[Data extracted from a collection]
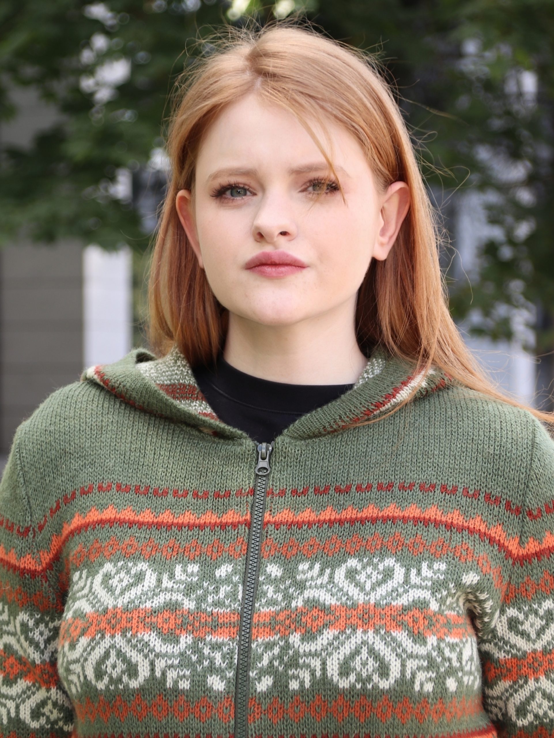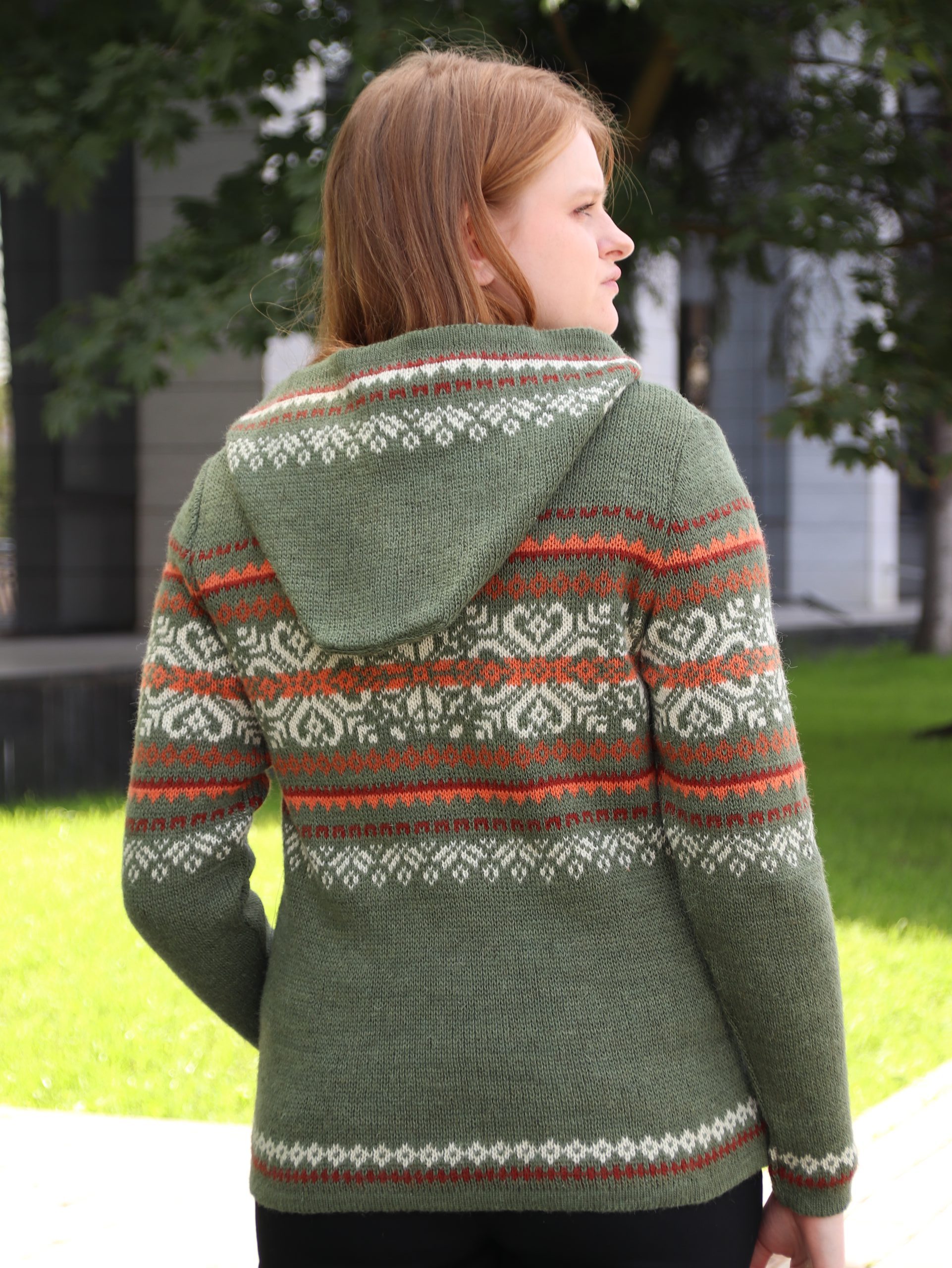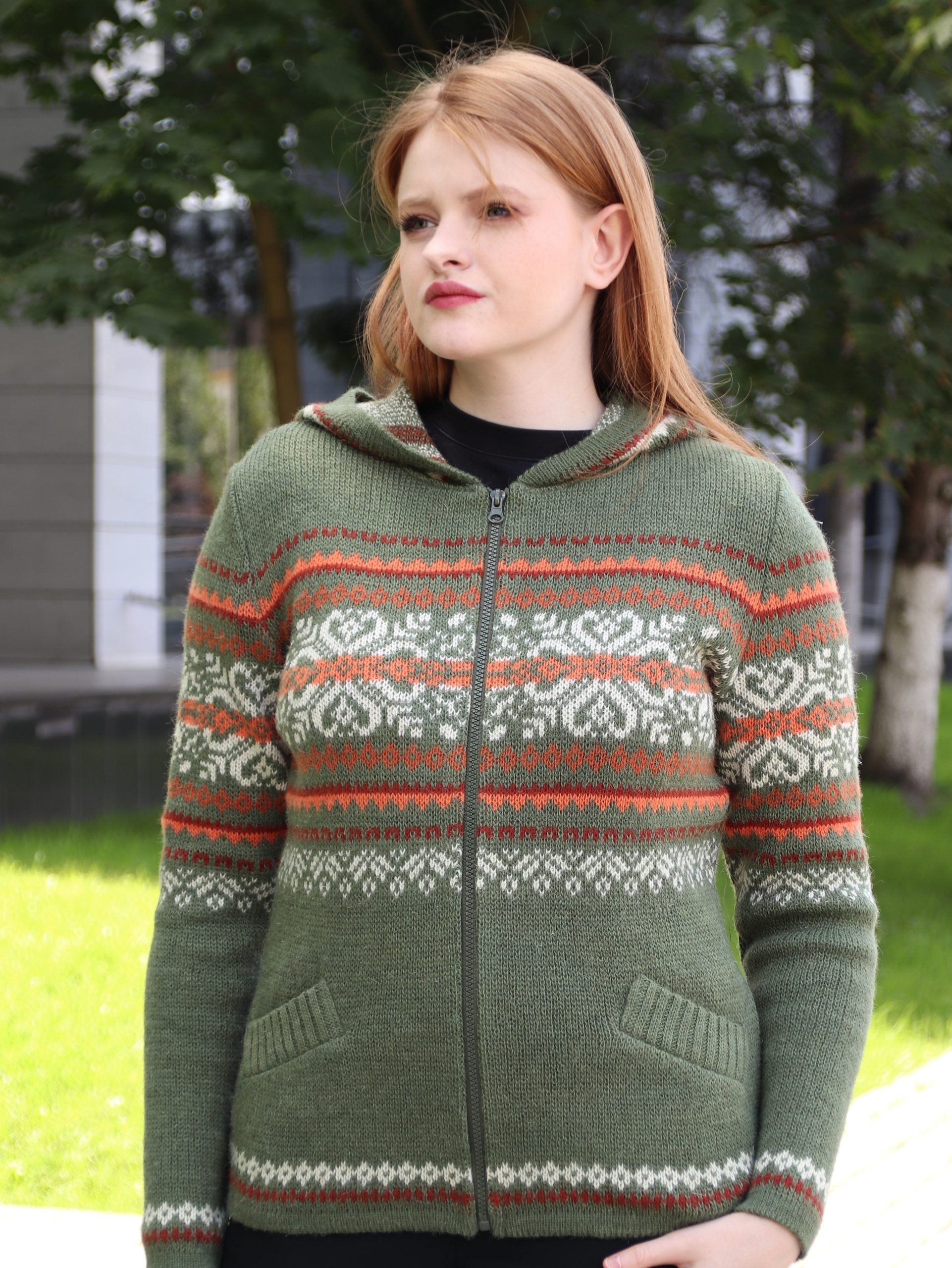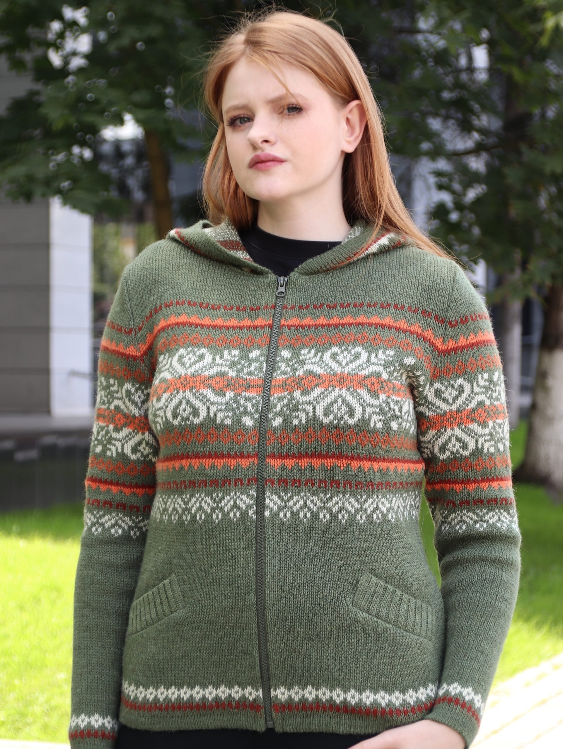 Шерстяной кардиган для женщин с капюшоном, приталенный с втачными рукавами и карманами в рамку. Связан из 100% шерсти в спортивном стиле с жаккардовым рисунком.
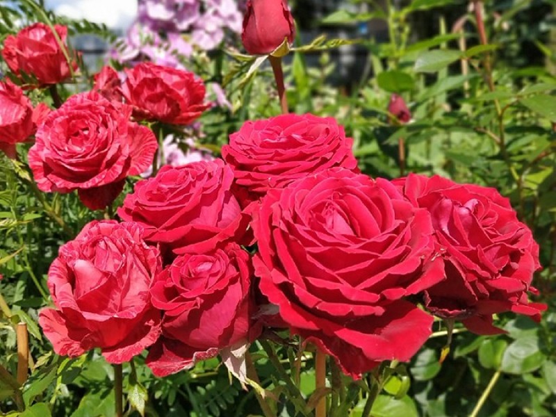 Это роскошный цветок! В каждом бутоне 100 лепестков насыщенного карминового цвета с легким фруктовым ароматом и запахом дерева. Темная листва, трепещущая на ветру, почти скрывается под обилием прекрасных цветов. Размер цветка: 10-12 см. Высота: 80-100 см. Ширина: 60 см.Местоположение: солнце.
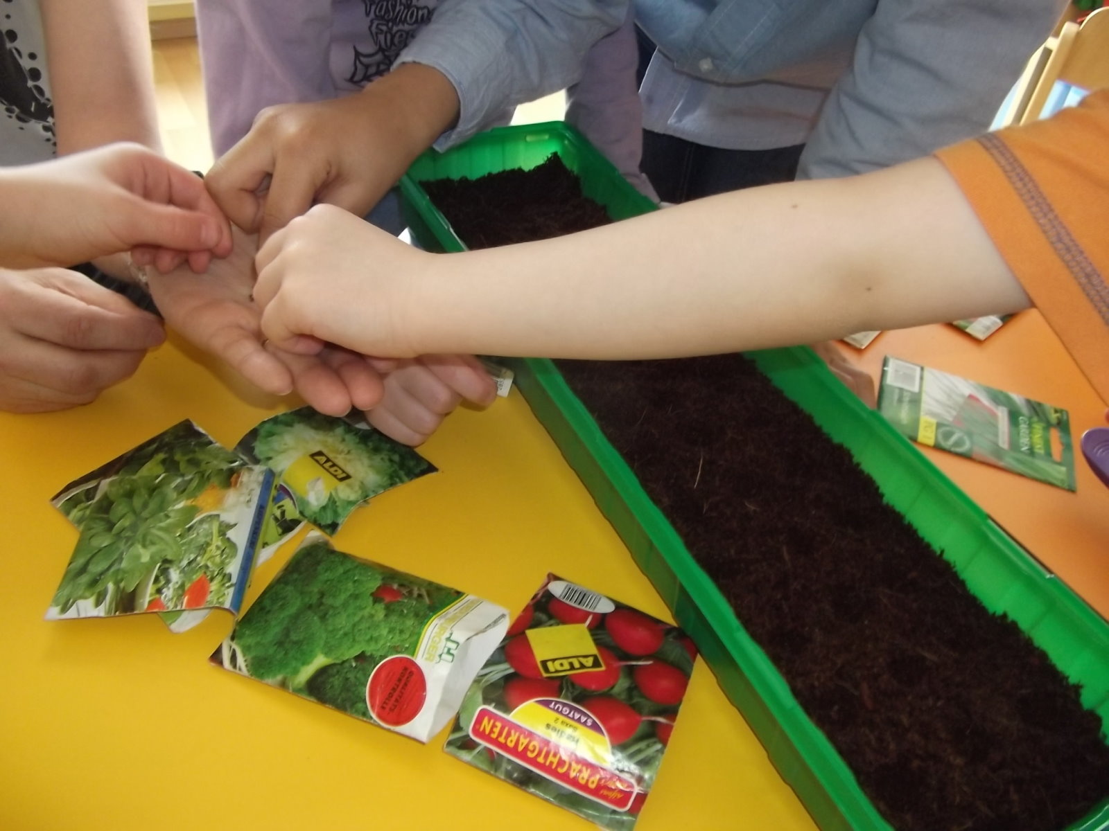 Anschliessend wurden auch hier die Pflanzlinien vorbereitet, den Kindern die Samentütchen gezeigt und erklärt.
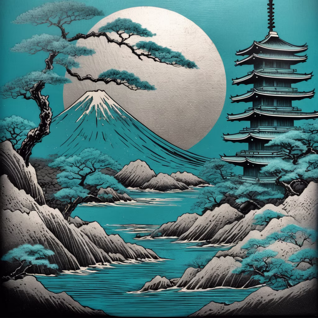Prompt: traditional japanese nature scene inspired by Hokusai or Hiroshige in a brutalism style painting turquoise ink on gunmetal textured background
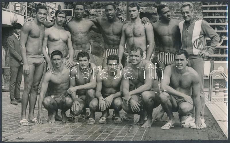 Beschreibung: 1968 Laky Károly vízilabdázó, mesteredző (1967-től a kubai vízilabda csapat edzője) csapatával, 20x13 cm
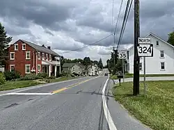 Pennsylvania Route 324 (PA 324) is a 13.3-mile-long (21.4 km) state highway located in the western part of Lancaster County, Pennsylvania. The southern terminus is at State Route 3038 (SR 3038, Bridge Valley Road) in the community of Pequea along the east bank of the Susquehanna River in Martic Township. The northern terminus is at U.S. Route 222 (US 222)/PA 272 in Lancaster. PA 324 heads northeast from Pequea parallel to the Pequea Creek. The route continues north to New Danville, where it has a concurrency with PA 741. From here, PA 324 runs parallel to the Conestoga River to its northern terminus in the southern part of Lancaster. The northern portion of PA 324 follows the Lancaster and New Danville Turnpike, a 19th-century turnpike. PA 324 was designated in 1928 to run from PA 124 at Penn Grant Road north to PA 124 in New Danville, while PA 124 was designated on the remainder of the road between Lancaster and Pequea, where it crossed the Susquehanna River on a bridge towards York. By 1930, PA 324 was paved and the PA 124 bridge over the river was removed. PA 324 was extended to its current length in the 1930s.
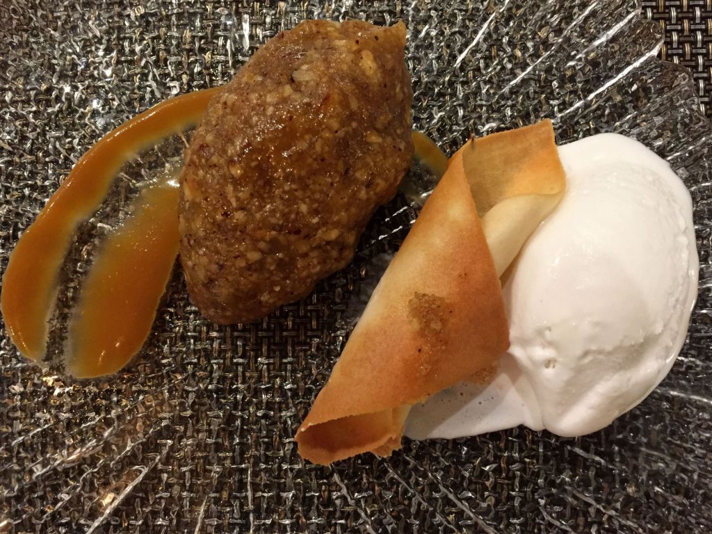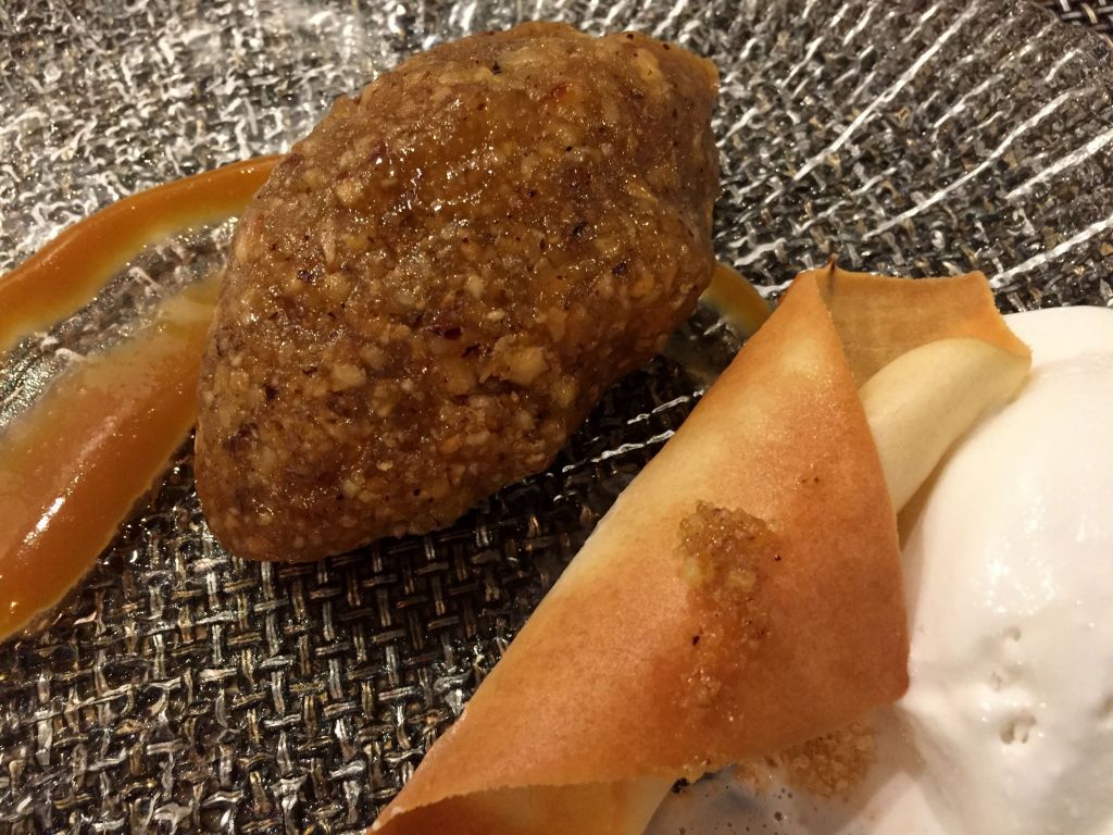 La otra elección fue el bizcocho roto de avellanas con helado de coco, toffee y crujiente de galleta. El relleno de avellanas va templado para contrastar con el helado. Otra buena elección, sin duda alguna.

* _TASK GOAL_
Give the records back exactly, with no pictures.

* _EXERCISE RESULT_
 Шерстяной кардиган для женщин с капюшоном, приталенный с втачными рукавами и карманами в рамку. Связан из 100% шерсти в спортивном стиле с жаккардовым рисунком.
 Это роскошный цветок! В каждом бутоне 100 лепестков насыщенного карминового цвета с легким фруктовым ароматом и запахом дерева. Темная листва, трепещущая на ветру, почти скрывается под обилием прекрасных цветов. Размер цветка: 10-12 см. Высота: 80-100 см. Ширина: 60 см.Местоположение: солнце.
 Anschliessend wurden auch hier die Pflanzlinien vorbereitet, den Kindern die Samentütchen gezeigt und erklärt.
Prompt: traditional japanese nature scene inspired by Hokusai or Hiroshige in a brutalism style painting turquoise ink on gunmetal textured background
 Beschreibung: 1968 Laky Károly vízilabdázó, mesteredző (1967-től a kubai vízilabda csapat edzője) csapatával, 20x13 cm
 Pennsylvania Route 324 (PA 324) is a 13.3-mile-long (21.4 km) state highway located in the western part of Lancaster County, Pennsylvania. The southern terminus is at State Route 3038 (SR 3038, Bridge Valley Road) in the community of Pequea along the east bank of the Susquehanna River in Martic Township. The northern terminus is at U.S. Route 222 (US 222)/PA 272 in Lancaster. PA 324 heads northeast from Pequea parallel to the Pequea Creek. The route continues north to New Danville, where it has a concurrency with PA 741. From here, PA 324 runs parallel to the Conestoga River to its northern terminus in the southern part of Lancaster. The northern portion of PA 324 follows the Lancaster and New Danville Turnpike, a 19th-century turnpike. PA 324 was designated in 1928 to run from PA 124 at Penn Grant Road north to PA 124 in New Danville, while PA 124 was designated on the remainder of the road between Lancaster and Pequea, where it crossed the Susquehanna River on a bridge towards York. By 1930, PA 324 was paved and the PA 124 bridge over the river was removed. PA 324 was extended to its current length in the 1930s.
 La otra elección fue el bizcocho roto de avellanas con helado de coco, toffee y crujiente de galleta. El relleno de avellanas va templado para contrastar con el helado. Otra buena elección, sin duda alguna.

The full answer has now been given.